For this exercise, repeat the records below exactly and omit every picture.

(Source data)
------------------------

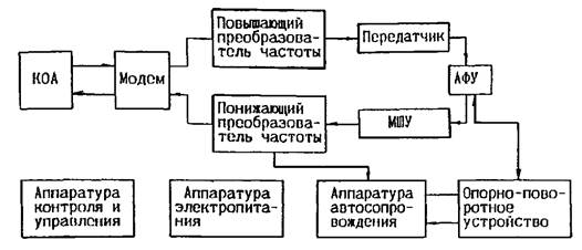 4.6 Функциональными элементами ЗС являются: антенная система с аппаратурой автосопровождения спутника или без нее. МШУ, усилитель мощности передатчика, понижающий и повышающий преобразователи частоты, модем и аппаратура многостанционного доступа, каналообразующая аппаратура (мультиплексор), система контроля и управления, аппаратура защиты информации, а также ряд вспомогательных систем (электропитания, обогрева и пр.).
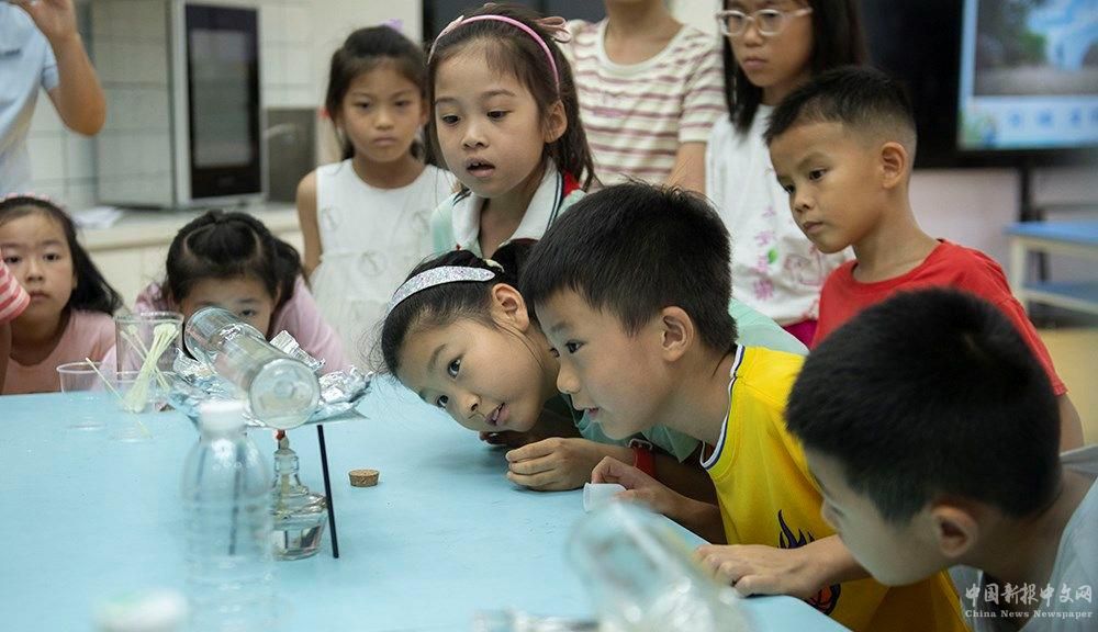 △安徽科技館,小朋友觀察海水淡化科學(xué)實(shí)驗(yàn)。
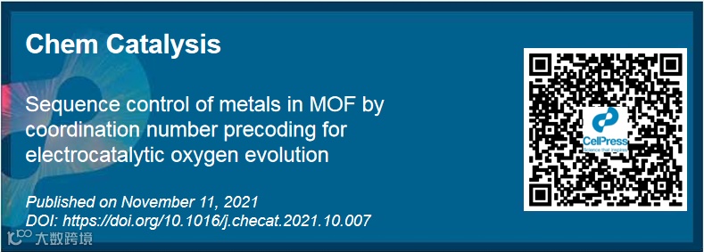 2021年11月11日,武汉大学化学与分子科学学院邓鹤翔教授、丛恒将副教授团队,在Cell Press细胞出版社期刊Chem Catalysis发表了题为“Sequence control of metals in MOF by coordination number precoding for electrocatalytic oxygen evolution”的研究成果,报道了一种“配位数预编码”的合成转化策略,成功实现了多组分金属有机框架材料(MTV-MOF)中层板金属序列交替排列的原子精准控制,序列编码后的MOF材料在电催化析氧反应中展现出最佳性能。武汉大学化学学院硕士研究生贾宏男、韩琦为该工作的共同第一作者,论文其它作者还有武汉大学化学学院罗威教授。
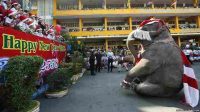 Ilustrasi : Seekor gajah berbaju Santa Claus menghibur pengunjung di …
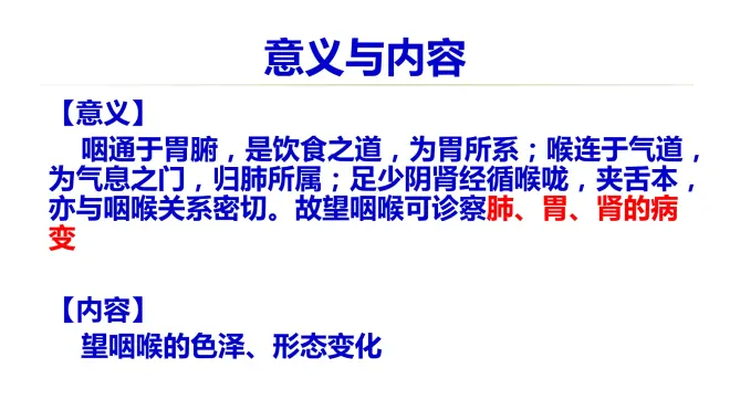 望咽喉,主要诊察肺胃和肾的病变。一般来讲,实证在肺和胃,虚证在肾。
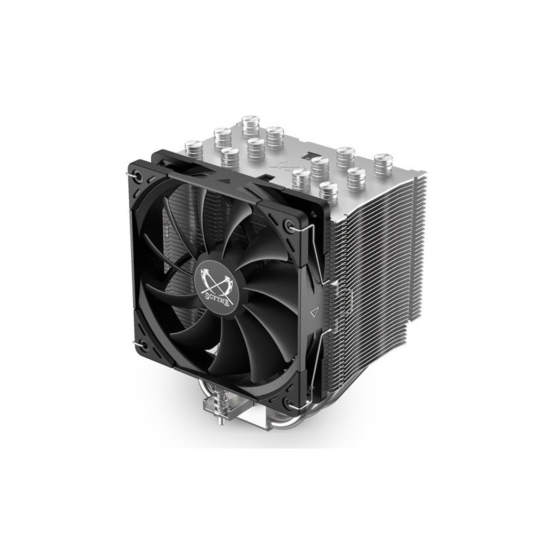 The Mugen 5 Rev. C is equipped with a new Kaze Flex II PWM fan featuring an increased control range of 300 to 1500 RPM. The self-contained liquid bearing (Sealed Precision FDB) reduces friction and wear to a minimum with the help of a special oil film and ensures a high level of stability and an average lifespan of 120,000 hours. Rubberized pads have a decoupling effect and prevent the transmission of any vibrations.

------------------------

> [REPLY TO THE TASK]:
 4.6 Функциональными элементами ЗС являются: антенная система с аппаратурой автосопровождения спутника или без нее. МШУ, усилитель мощности передатчика, понижающий и повышающий преобразователи частоты, модем и аппаратура многостанционного доступа, каналообразующая аппаратура (мультиплексор), система контроля и управления, аппаратура защиты информации, а также ряд вспомогательных систем (электропитания, обогрева и пр.).
 △安徽科技館,小朋友觀察海水淡化科學(xué)實(shí)驗(yàn)。
 2021年11月11日,武汉大学化学与分子科学学院邓鹤翔教授、丛恒将副教授团队,在Cell Press细胞出版社期刊Chem Catalysis发表了题为“Sequence control of metals in MOF by coordination number precoding for electrocatalytic oxygen evolution”的研究成果,报道了一种“配位数预编码”的合成转化策略,成功实现了多组分金属有机框架材料(MTV-MOF)中层板金属序列交替排列的原子精准控制,序列编码后的MOF材料在电催化析氧反应中展现出最佳性能。武汉大学化学学院硕士研究生贾宏男、韩琦为该工作的共同第一作者,论文其它作者还有武汉大学化学学院罗威教授。
 Ilustrasi : Seekor gajah berbaju Santa Claus menghibur pengunjung di …
 望咽喉,主要诊察肺胃和肾的病变。一般来讲,实证在肺和胃,虚证在肾。
 The Mugen 5 Rev. C is equipped with a new Kaze Flex II PWM fan featuring an increased control range of 300 to 1500 RPM. The self-contained liquid bearing (Sealed Precision FDB) reduces friction and wear to a minimum with the help of a special oil film and ensures a high level of stability and an average lifespan of 120,000 hours. Rubberized pads have a decoupling effect and prevent the transmission of any vibrations.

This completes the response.